It will be understood by those skilled in the art that all or part of the processes of the methods of the embodiments described above can be implemented by hardware related to instructions of a computer program, which can be stored in a non-volatile computer-readable storage medium, and when executed, can include the processes of the embodiments of the methods described above. Any reference to memory, storage, database, or other medium used in the embodiments provided herein may include non-volatile and/or volatile memory, among others. Non-volatile memory can include read-only memory (ROM), Programmable ROM (PROM), Electrically Programmable ROM (EPROM), Electrically Erasable Programmable ROM (EEPROM), or flash memory. Volatile memory can include Random Access Memory (RAM) or external cache memory. By way of illustration and not limitation, RAM is available in a variety of forms such as Static RAM (SRAM), Dynamic RAM (DRAM), Synchronous DRAM (SDRAM), Double Data Rate SDRAM (DDRSDRAM), Enhanced SDRAM (ESDRAM), Synchronous Link DRAM (SLDRAM), Rambus Direct RAM (RDRAM), direct bus dynamic RAM (DRDRAM), and memory bus dynamic RAM (RDRAM).

The technical features of the above embodiments can be arbitrarily combined, and for the sake of brevity, all possible combinations of the technical features in the above embodiments are not described, but should be considered as the scope of the present specification as long as there is no contradiction between the combinations of the technical features.
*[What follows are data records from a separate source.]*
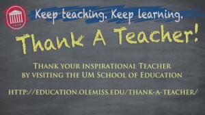 Find out how you can say thank you to an inspirational teacher and help out the future teachers of tomorrow. Video by Mary Stanton. To Thank a Teacher visit education.olemiss.edu/thank-a-teacher/.
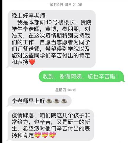 “我们没有逆行,因为我们没有离开过。”为了更好为广大同学们服务,刚上研一的秦朋朋、刘浩天和舍友一起,发挥先锋模范作用,集体参与所在宿舍楼的志愿服务,接力承担了每天订餐、送餐的志愿工作。
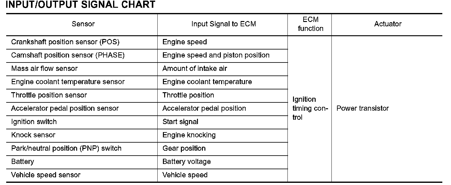 The ECM receives information such as the injection pulse width and camshaft position sensor signal. Computing this information, ignition signals are transmitted to the power transistor.
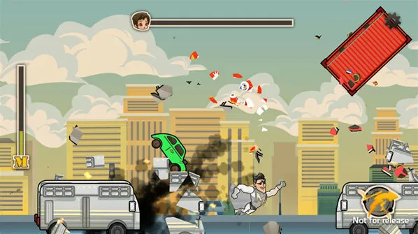 你需要滑动屏幕来控制成都超人击毁像路人袭来的危险物品
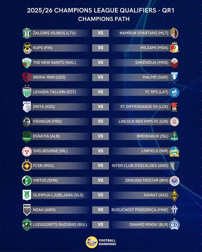 25/26赛季欧冠首轮资格赛抽签结束;两回合比赛将于7月进行
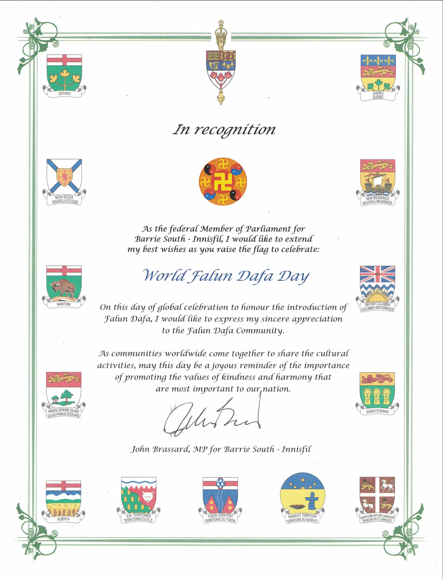 他写道:真、善、忍的原理是我们多元社会中具有深远共鸣的基本价值观。你们通过打坐和修炼,坚守弘扬这些美德,令人钦佩且意义重大。感谢加拿大法轮大法协会在全国各地社区持续推动福祉、正念和正直道德的努力。
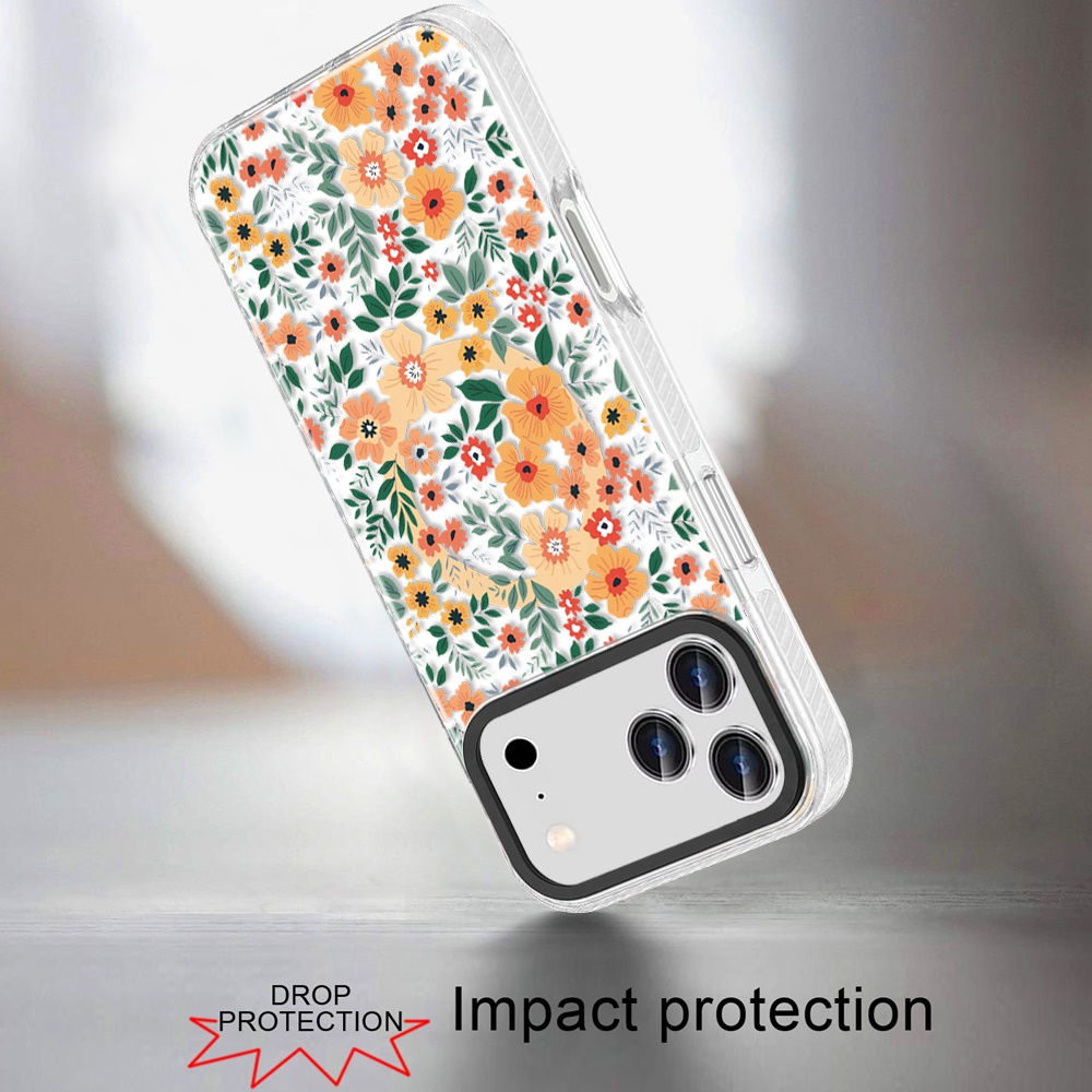 For iPhone 17 Pro Max Beautiful Magnetic Hybrid IMD Design Case - Delicate Orange White Florals

The above examples only express several embodiments of the present application, and the description thereof is more specific and detailed, but not construed as limiting the scope of the invention. It should be noted that, for a person skilled in the art, several variations and modifications can be made without departing from the concept of the present application, which falls within the scope of protection of the present application. Therefore, the protection scope of the present patent shall be subject to the appended claims.

Claims (10)

1. An application program operation monitoring method, the method comprising:

receiving an entry operation of a module code written based on a preset frame, and detecting whether the entered module code contains a target statement of a preset type or not according to the entry operation through an information marking component in the preset frame, wherein the target statement contains a statement capable of representing the running condition of a corresponding application program;

if yes, generating a corresponding target label and label description according to the target statement, associating the target label with the label description, storing the associated label description to a specified directory, adding the target label to the position of the target statement in the module code, and distinguishing different display states of the same page through a page identifier and a state identifier;

when a compiling instruction is received, generating a callback instruction of an information extraction component in a preset frame, so that the information extraction component traverses the module code according to the callback instruction and the compiling instruction, and extracting the target tag, wherein the target tag comprises a page jump tag; acquiring a label description corresponding to the page jump label from a specified directory; the label description comprises a plurality of page identifications and a jump relation among the page identifications;

sending the label description to a server, and enabling the server to construct a page jump monitoring graph of an application program corresponding to the module codes by taking the page identifications as nodes and taking jump relations among the page identifications as directed edges according to the received label descriptions corresponding to the module codes respectively;

and receiving a page jump monitoring graph returned by the server.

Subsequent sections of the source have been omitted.